Monday, February 17, 2014

Another Record for Obama

While Obama entered office promising to limit the practice, the State Department’s professional association says the rate of political appointees [for ambassadorships] reached an unprecedented level of 53 percent, once Obama began serving his second term in January 2013.

[...]

Under previous administrations, Republican and Democrat alike, that rate fluctuated between 27 and 38 percent.

  RT
Which is bad enough.  It seems like an ambassador ought to be an expert on the country to which he or she is appointed.  But what do I know?

The big-donor ambassadors are good enough, though, aren’t they?
Obama former ambassador to Luxemburg, Cynthia Stroum [wealthy venture capitalist and bundler for Obama coffers], left the diplomatic mission in disarray.

In February 2011, she was forced to step down from the post after a scathing State Department report said she brought “major elements of Embassy Luxembourg to a state of dysfunction.”

[...]

Following Stroum’s dismissal, the State Department decided to stop issuing such de facto reports on ambassadors.

During Obama's first term, other political appointees in Malta, [...] Kenya and the Bahamas were also forced to step down over management issues, the UK’s Independent newspaper reports.

[...]

George Tsunis, CEO of Chartwell Hotels, who raised about $1.3 million for Obama and the Democratic Party, raised more than a few eyebrows at his hearing to be confirmed as ambassador to Norway.
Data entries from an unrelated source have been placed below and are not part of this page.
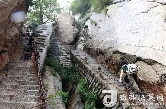 從群仙觀上行,便是“老君犁溝”。傳說,這里原來沒有路,是老子李耳駕青牛用鐵犁開的,形如耕地時留下的犁溝,故被稱為“老君犁溝”。“老君犁溝”同千尺幢、百尺峽一樣,是登華山的必經險道之一?,F(xiàn)在,已在犁溝的右上方,鑿成271個石級,兩旁鐵鏈下垂,行走較為安全。
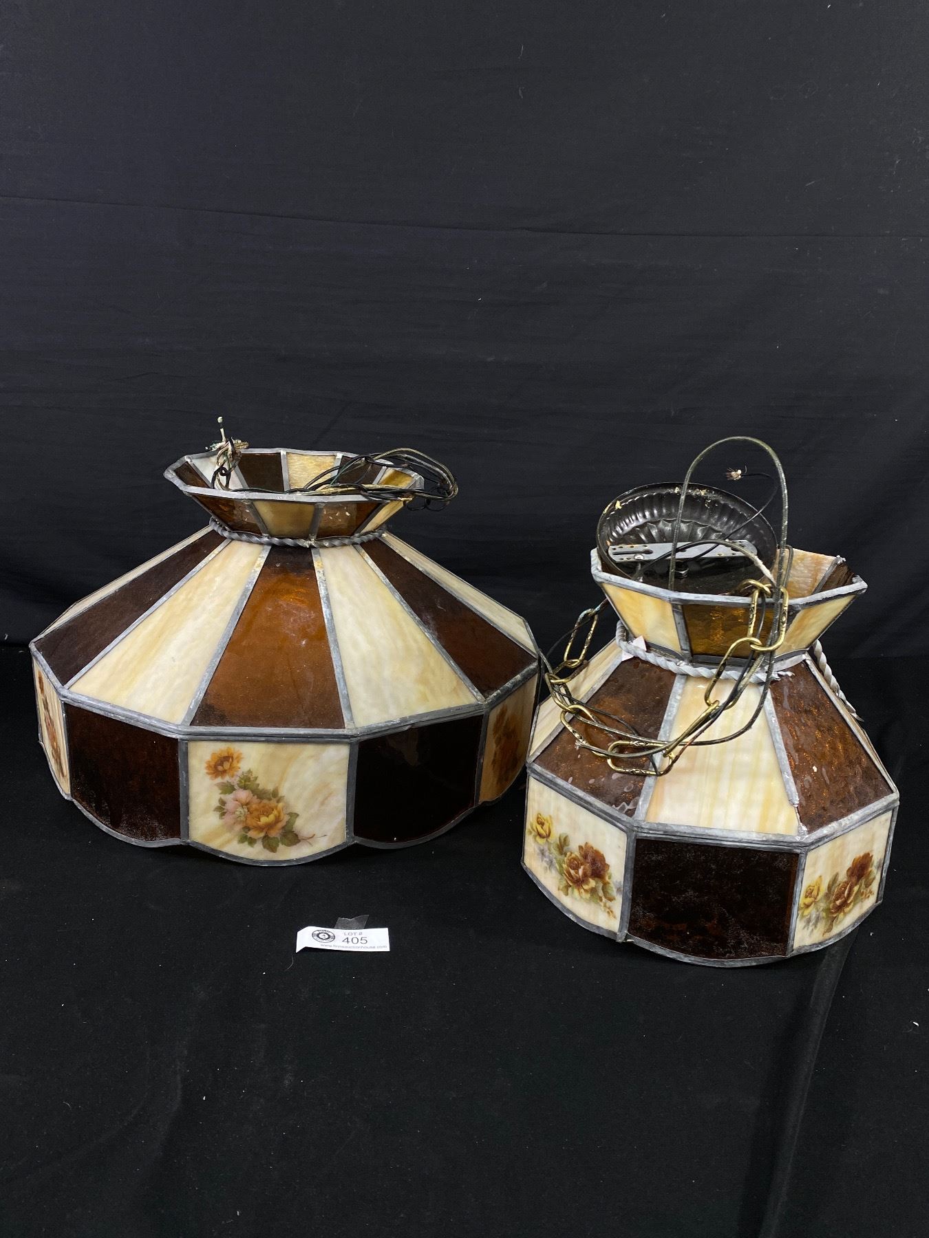 Lot of 2 Vintage Hanging Light Covers.Stained Glass Style
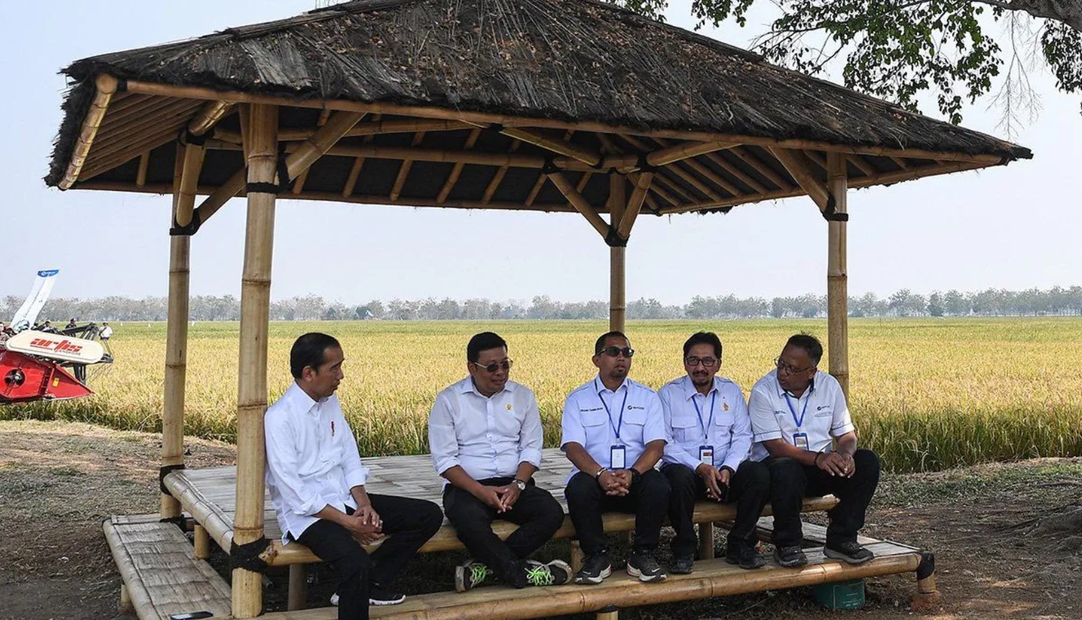 presiden jokowi meninjau panen padi di subang
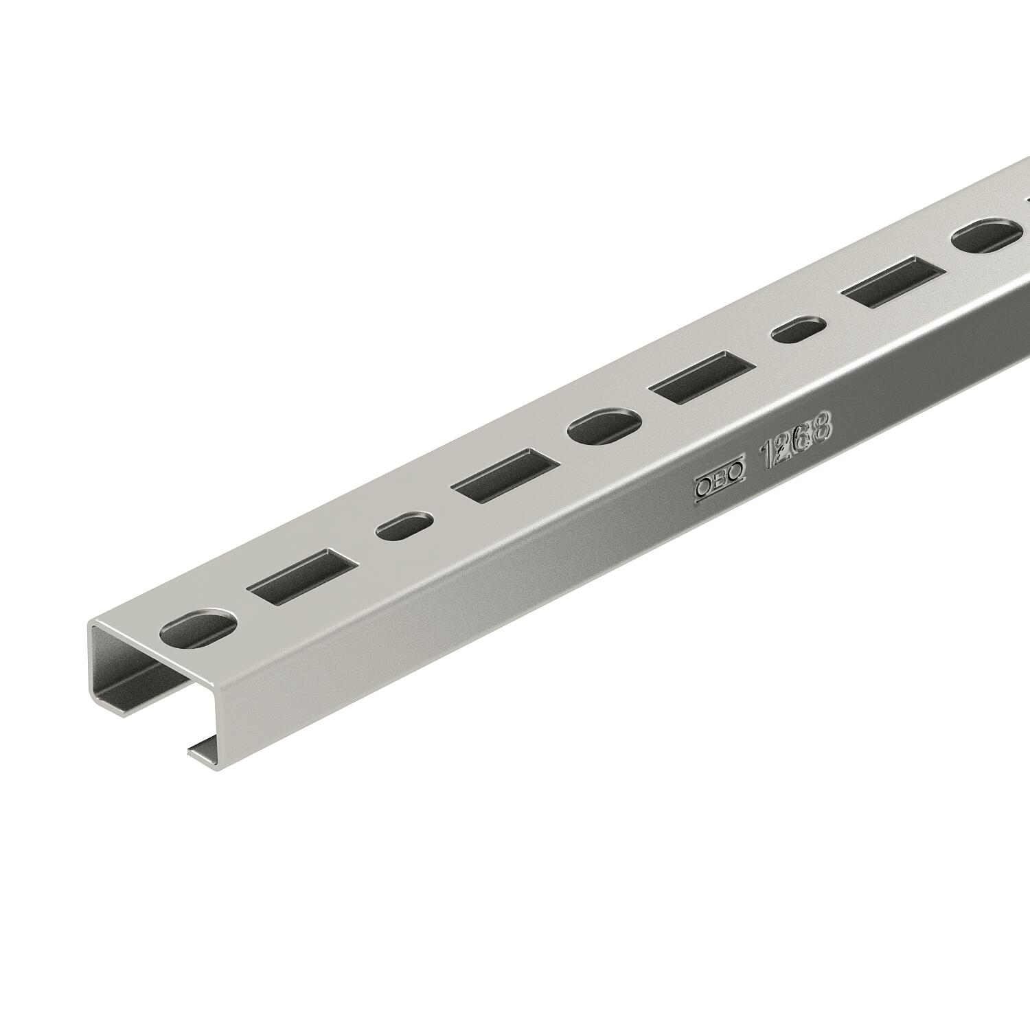 Mittlere C-Profilschiene zur Kabelverlegung, in Verbindung mit Bügelschellen mit Hammerkopf-Fuß. Auch verwendbar als Abhängekonstruktion für Kabeltragsysteme.
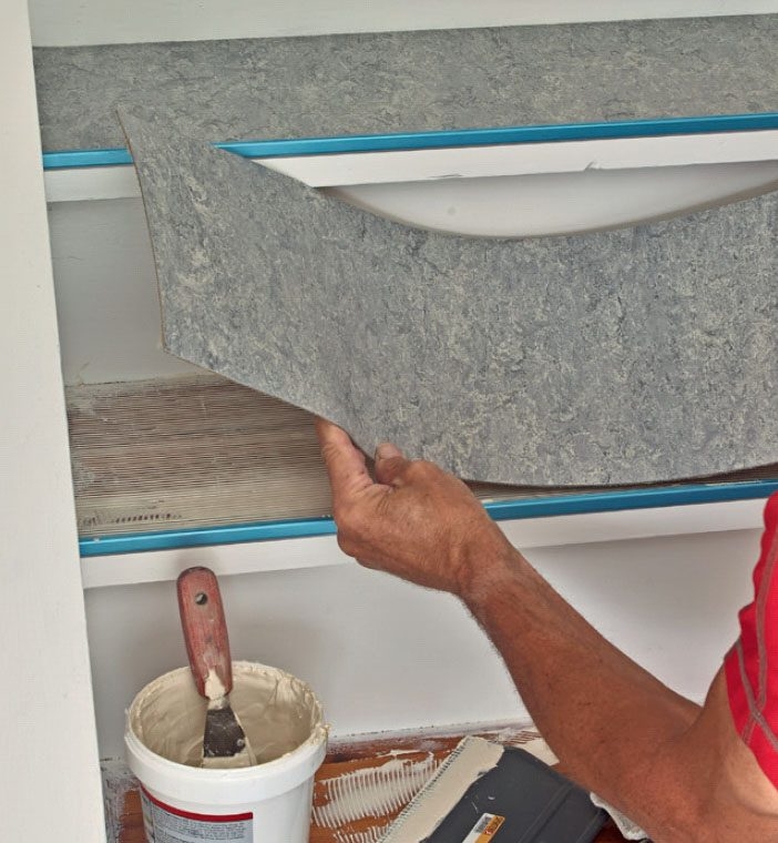 Stryk på golvlim på trappsteget. Stryk på limmet med en spackel så att det blir ett enhetligt, tunt skikt. Aluminiumlisternas blå plasttejp skyddar listerna, så låt tejpen sitta kvar under tiden.
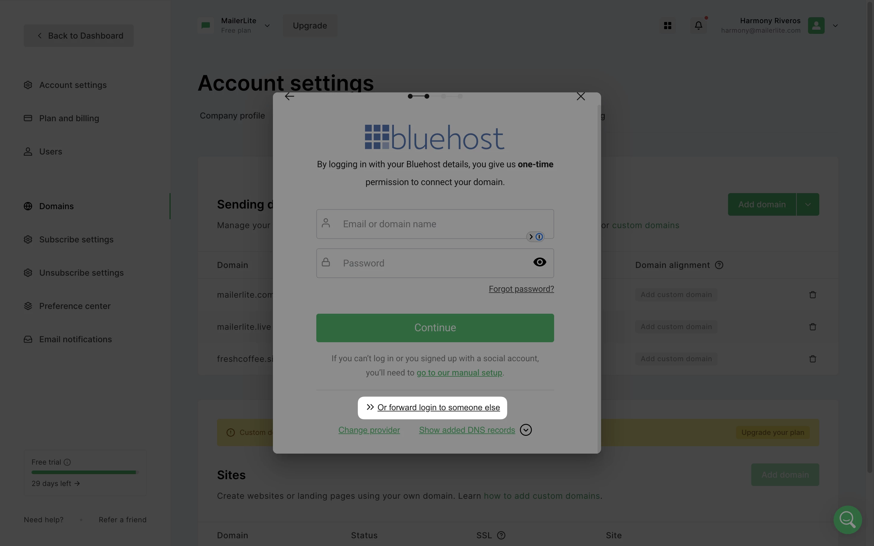 3. Luego, sigue los pasos para autorizar a MailerLite a configurar tus DNS y añadir los registros necesarios.

Having admitted he’d never actually visited the country, he then went on to refer to Prime Minister Erna Solberg as president of the country and suggested that the conservative Progress Party, which is part of the ruling coalition, was a “fringe element” that “spewed hatred.”

[...]

Noah Bryson Mamet, who was picked to be US ambassador to Argentina, shocked the Senate Foreign Relations Committee earlier this month by admitting he had never actually been to the country and could not speak Spanish.

[...]

Obama’s pick for US envoy to Hungary, Colleen Bell, fared no better. Having served as a producer for the TV soap opera The Bold and the Beautiful, Bell was unable to answer fundamental questions regarding US strategic interests in Hungary.

[...]

Writing for Politico, James Bruno, a retired Foreign Service officer, noted the clear bilateral experience gap.

“For the purposes of comparison, Norway’s ambassador to the Washington is a 31-year Foreign Ministry veteran. Hungary’s ambassador is an economist who worked at the International Monetary Fund for 27 years,” he said.

Bruno said you can chalk up the resume imbalance to one simple fact: “The United States is the only industrialized country to award diplomatic posts as political spoils, often to wealthy campaign contributors in an outmoded system that rivals the patronage practices of banana republics, dictatorships and two-bit monarchies.”
I think that’s us. ...but hey, do what you want...you will anyway.